本文概述
给定一个整数数组和一个整数值k, 找出k个最大和为k的非重叠子数组。
例子:
Input : arr1[] = {4, 1, 1, -1, -3, -5, 6, 2, -6, -2}, k = 3.
Output : Maximum non-overlapping sub-array sum1: 8, starting index: 6, ending index: 7.
Maximum non-overlapping sub-array sum2: 6, starting index: 0, ending index: 2.
Maximum non-overlapping sub-array sum3: -1, starting index: 3, ending index: 3.
Input : arr2 = {5, 1, 2, -6, 2, -1, 3, 1}, k = 2.

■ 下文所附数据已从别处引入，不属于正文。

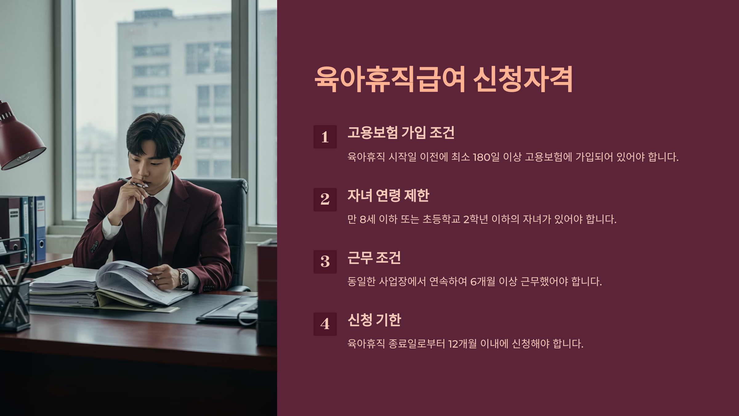 육아휴직급여를 받으려면 일정 조건을 충족해야 해요. 기본적으로 고용보험에 가입된 근로자가 대상이며, 육아휴직을 신청하기 전 일정 기간 동안 근무한 기록이 필요하답니다.

Output : Maximum non-overlapping sub-array sum1: 8, starting index: 0, ending index: 2.
Maximum non-overlapping sub-array sum2: 5, starting index: 4, ending index: 7.
推荐:请尝试以下方法{IDE}首先, 在继续解决方案之前。
Kadane的算法仅找出最大子阵列和, 但是使用相同的算法, 我们可以找出k个最大非重叠子阵列和。方法是:
- 使用Kadane的算法找出阵列中的最大子阵列。还找出其开始和结束索引。打印此子数组的总和。
- 用-infinity填充此子数组的每个单元格。
- 重复过程1和2 k次。
C ++
// C++ program to find out k maximum
// non-overlapping sub-array sums.
#include <bits/stdc++.h>
using namespace std;
// Function to compute k maximum
// sub-array sums.
void kmax( int arr[], int k, int n) {
// In each iteration it will give
// the ith maximum subarray sum.
for ( int c = 0; c < k; c++){
// Kadane's algorithm.
int max_so_far = numeric_limits< int >::min();
int max_here = 0;
// compute starting and ending
// index of each of the sub-array.
int start = 0, end = 0, s = 0;
for ( int i = 0; i < n; i++)
{
max_here += arr[i];
if (max_so_far < max_here)
{
max_so_far = max_here;
start = s;
end = i;
}
if (max_here < 0)
{
max_here = 0;
s = i + 1;
}
}
// Print out the result.
cout << "Maximum non-overlapping sub-array sum"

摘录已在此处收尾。